Because beauty is everything we love in a person, and because what we already know about that person is never enough to explain the beauty that marks the object of love, love becomes inseparable from wanting to learn. Nehamas brings this lesson home to art when in Part III he says simply, "all that is also true of the arts" (73).  That is, "beautiful works spark the urgent need to approach, the same pressing feeling that they have more to offer, the same burning desire to understand what that is" (73).  In art, judgments of taste, then, contain a sense that there is more to learn about the object before me, such that the "art we love is art we don't yet fully understand" (76).  What is common to human beings, according to Nehamas, is our need to find beauty in some parts of the world we inhabit, not as Kant claimed, the ability to find beauty in the very same things.  Because every experience of beauty includes the question "Why is that thing beautiful?" our aesthetic judgments determine the course of our lives as they "direct us for their answers to other people, other objects, other habits and ways of being" (85).  Love can be provoked by almost anything, claims Nehamas, and beauty is the object of love.  So nothing else can play the role you hope a beautiful thing will play in your life" (99) as it "promises a happiness impossible to find anywhere else" (101).

Nehamas arrives finally, in Part IV, at the claim that beauty always promises more than it has given and thus the effort to understand what it promises is "forever  work in progress" (105).  Loving something and wanting to know it more and better, furthermore, leads us into the world, not away from it.  It means also that beauty as only a promise of happiness requires that we be willing to live with uncertainty.  It offers no assurances of success.  Nehamas not only endorses Plato's claim that life is worth living only in the contemplation of beauty, but more importantly emphasizes Plato's insight that this commitment amounts to a "mode of life that combines creative thought and considered action and transforms the desire to possess beautiful things into the urge to create in their presence beauty of one's own" (132).  Nehamas disagrees with Plato regarding his contention that the pursuit of beauty leads necessarily to virtue and happiness.  For Nehamas such pursuits always include risk of disappointment, loss, tragedy, or failure.  In any case, beauty is its own reward, such that "the promise of happiness is happiness itself" (138).

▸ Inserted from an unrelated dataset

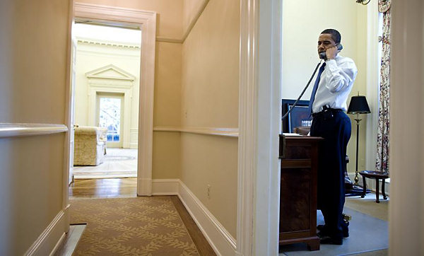 Barack Obama in the study in 2009 (White House - Pete Souza)
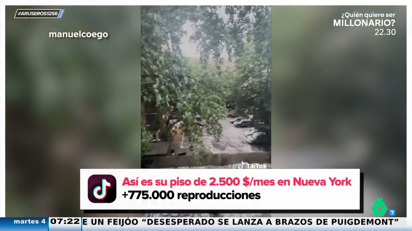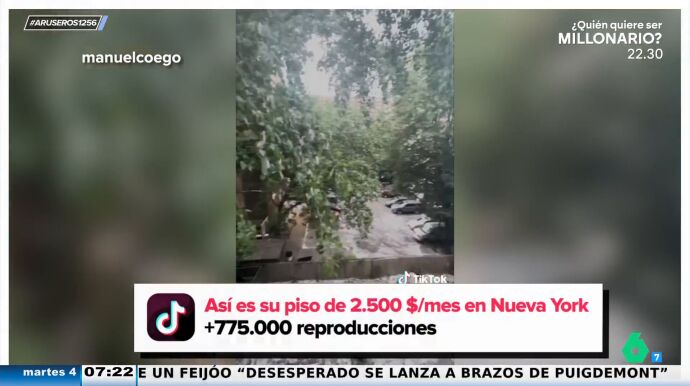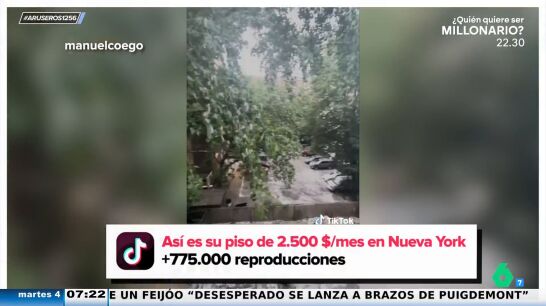 El conductor del programa vuelve a destacar que el piso tenga vistas a árboles estando en Nueva York. "Parece el Amazonas", bromea Alfonso Arús. Rocío Cano explica que la ciudad estadounidense es muy cara. "Ya un cuchitril como este es una pasta, pero ya no es solo el alojamiento, el comer, el tren, el metro... es mucho dinero", expone la tertuliana.

As I said at the outset, Only a Promise of Happiness is a beautiful book suitable for a wide audience.  The author delivers on his promises regarding the book's purpose and it offers a comprehensive, coherent, insightful, significant, and elegant argument.

© 2008 Ben Mulvey

Ben Mulvey, Ph.D., is Associate Professor of Philosophy at the College of Arts and Sciences of Nova Southeastern University.  He received his doctorate in philosophy from Michigan State University specializing in political theory and applied ethics.  He teaches philosophy, including the philosophy of art, at NSU and is a member of the board of advisors of the Florida Bioethics Network.